- [REQUIREMENT]: Restate every record exactly as it is written, while omitting the pictures it holds.

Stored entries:
--- --- ---

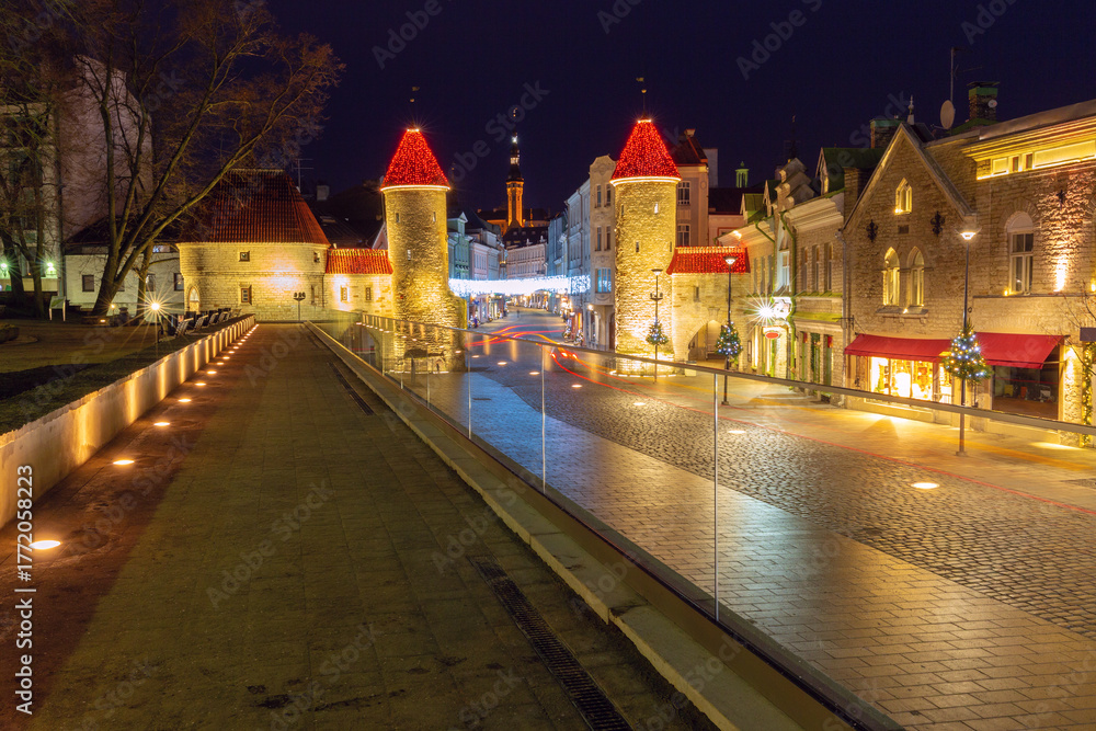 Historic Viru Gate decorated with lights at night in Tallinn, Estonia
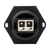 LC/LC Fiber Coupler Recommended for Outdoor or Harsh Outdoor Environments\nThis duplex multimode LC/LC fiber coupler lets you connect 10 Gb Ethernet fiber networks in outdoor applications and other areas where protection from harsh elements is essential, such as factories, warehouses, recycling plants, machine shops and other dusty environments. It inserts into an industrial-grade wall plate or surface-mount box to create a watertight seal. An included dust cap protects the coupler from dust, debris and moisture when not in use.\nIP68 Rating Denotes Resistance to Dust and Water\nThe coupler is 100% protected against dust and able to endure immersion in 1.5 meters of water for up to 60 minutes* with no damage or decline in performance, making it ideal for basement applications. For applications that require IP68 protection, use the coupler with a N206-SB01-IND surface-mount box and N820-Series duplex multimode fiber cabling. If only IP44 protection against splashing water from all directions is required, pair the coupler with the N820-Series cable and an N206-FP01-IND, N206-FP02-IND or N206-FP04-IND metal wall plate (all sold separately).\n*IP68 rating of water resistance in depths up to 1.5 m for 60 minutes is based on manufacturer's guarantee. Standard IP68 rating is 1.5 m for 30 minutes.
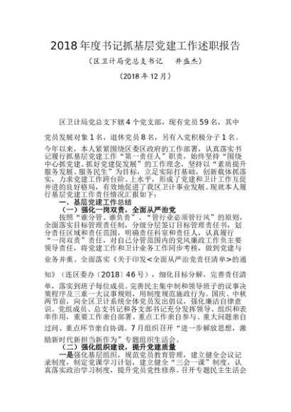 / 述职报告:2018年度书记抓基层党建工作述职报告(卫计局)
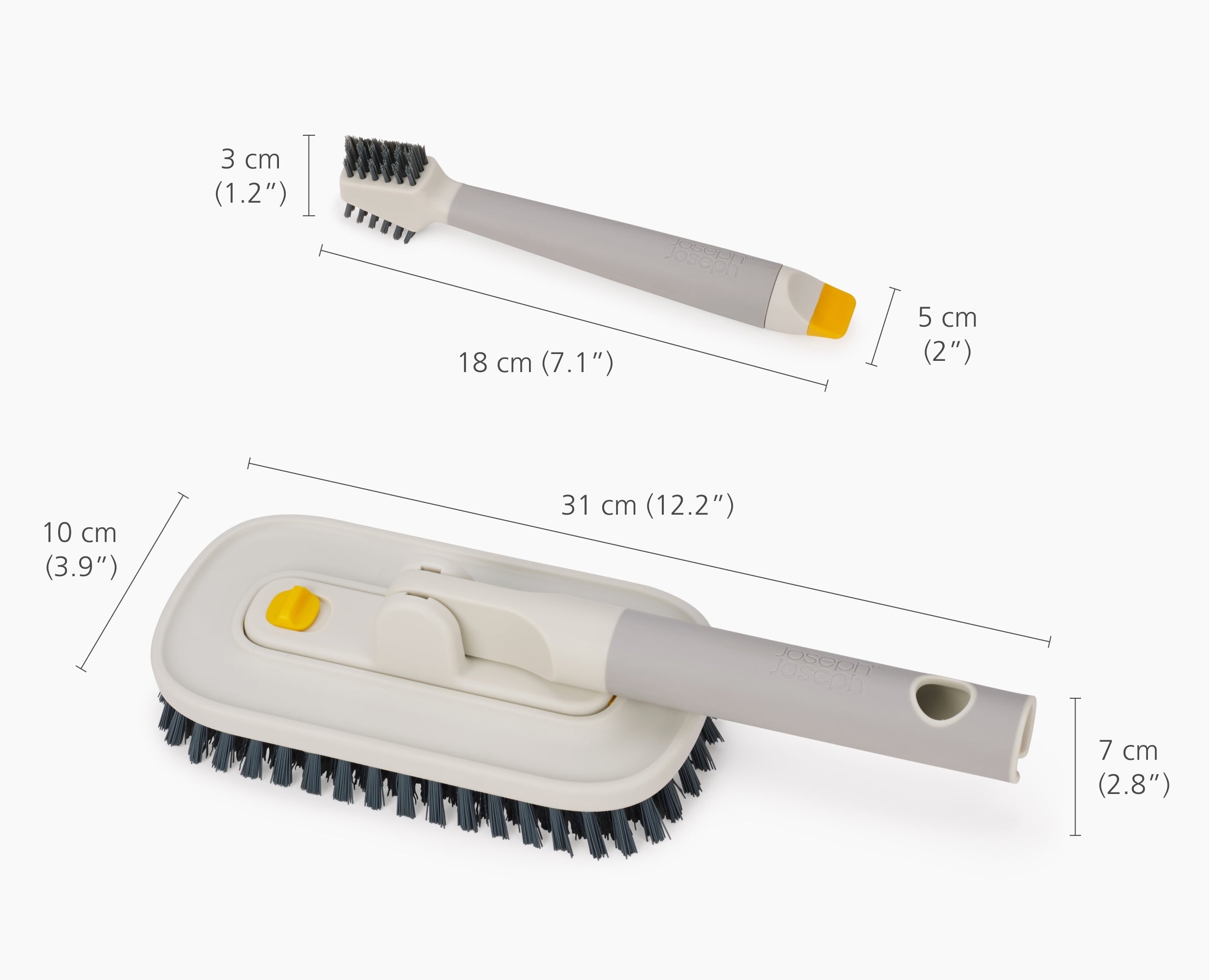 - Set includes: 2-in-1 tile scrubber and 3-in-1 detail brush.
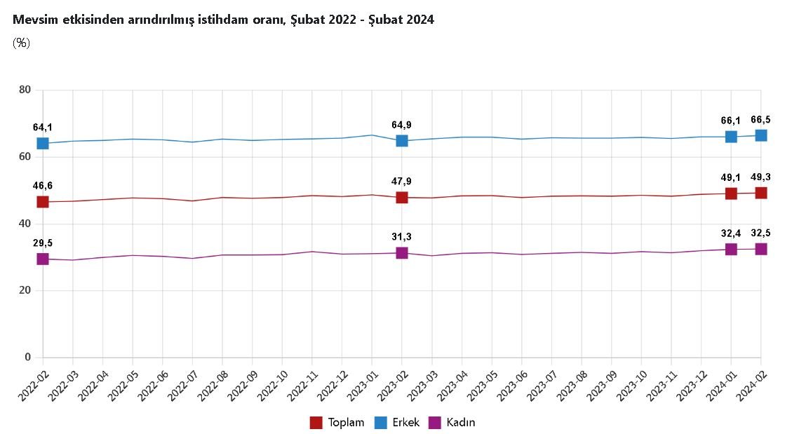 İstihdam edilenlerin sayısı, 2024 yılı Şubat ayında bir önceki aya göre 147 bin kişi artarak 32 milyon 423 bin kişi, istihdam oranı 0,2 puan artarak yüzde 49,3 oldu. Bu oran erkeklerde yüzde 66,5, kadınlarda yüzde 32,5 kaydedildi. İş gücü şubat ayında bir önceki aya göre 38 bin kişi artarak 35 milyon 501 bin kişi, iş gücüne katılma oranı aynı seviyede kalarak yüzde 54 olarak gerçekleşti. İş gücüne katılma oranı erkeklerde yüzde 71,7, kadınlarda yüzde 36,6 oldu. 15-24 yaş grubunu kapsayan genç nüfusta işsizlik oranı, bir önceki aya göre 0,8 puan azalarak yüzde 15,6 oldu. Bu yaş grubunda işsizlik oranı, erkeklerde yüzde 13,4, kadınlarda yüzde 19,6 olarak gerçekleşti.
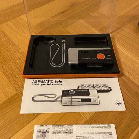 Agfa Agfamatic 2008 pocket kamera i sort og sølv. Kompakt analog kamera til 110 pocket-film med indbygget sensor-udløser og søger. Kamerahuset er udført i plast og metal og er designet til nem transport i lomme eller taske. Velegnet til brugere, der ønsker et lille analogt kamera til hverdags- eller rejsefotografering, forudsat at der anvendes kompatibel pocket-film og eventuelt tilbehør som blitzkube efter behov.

--- --- ---

- [WRITTEN SOLUTION]:
 Historic Viru Gate decorated with lights at night in Tallinn, Estonia
 LC/LC Fiber Coupler Recommended for Outdoor or Harsh Outdoor Environments\nThis duplex multimode LC/LC fiber coupler lets you connect 10 Gb Ethernet fiber networks in outdoor applications and other areas where protection from harsh elements is essential, such as factories, warehouses, recycling plants, machine shops and other dusty environments. It inserts into an industrial-grade wall plate or surface-mount box to create a watertight seal. An included dust cap protects the coupler from dust, debris and moisture when not in use.\nIP68 Rating Denotes Resistance to Dust and Water\nThe coupler is 100% protected against dust and able to endure immersion in 1.5 meters of water for up to 60 minutes* with no damage or decline in performance, making it ideal for basement applications. For applications that require IP68 protection, use the coupler with a N206-SB01-IND surface-mount box and N820-Series duplex multimode fiber cabling. If only IP44 protection against splashing water from all directions is required, pair the coupler with the N820-Series cable and an N206-FP01-IND, N206-FP02-IND or N206-FP04-IND metal wall plate (all sold separately).\n*IP68 rating of water resistance in depths up to 1.5 m for 60 minutes is based on manufacturer's guarantee. Standard IP68 rating is 1.5 m for 30 minutes.
 / 述职报告:2018年度书记抓基层党建工作述职报告(卫计局)
 - Set includes: 2-in-1 tile scrubber and 3-in-1 detail brush.
 İstihdam edilenlerin sayısı, 2024 yılı Şubat ayında bir önceki aya göre 147 bin kişi artarak 32 milyon 423 bin kişi, istihdam oranı 0,2 puan artarak yüzde 49,3 oldu. Bu oran erkeklerde yüzde 66,5, kadınlarda yüzde 32,5 kaydedildi. İş gücü şubat ayında bir önceki aya göre 38 bin kişi artarak 35 milyon 501 bin kişi, iş gücüne katılma oranı aynı seviyede kalarak yüzde 54 olarak gerçekleşti. İş gücüne katılma oranı erkeklerde yüzde 71,7, kadınlarda yüzde 36,6 oldu. 15-24 yaş grubunu kapsayan genç nüfusta işsizlik oranı, bir önceki aya göre 0,8 puan azalarak yüzde 15,6 oldu. Bu yaş grubunda işsizlik oranı, erkeklerde yüzde 13,4, kadınlarda yüzde 19,6 olarak gerçekleşti.
 Agfa Agfamatic 2008 pocket kamera i sort og sølv. Kompakt analog kamera til 110 pocket-film med indbygget sensor-udløser og søger. Kamerahuset er udført i plast og metal og er designet til nem transport i lomme eller taske. Velegnet til brugere, der ønsker et lille analogt kamera til hverdags- eller rejsefotografering, forudsat at der anvendes kompatibel pocket-film og eventuelt tilbehør som blitzkube efter behov.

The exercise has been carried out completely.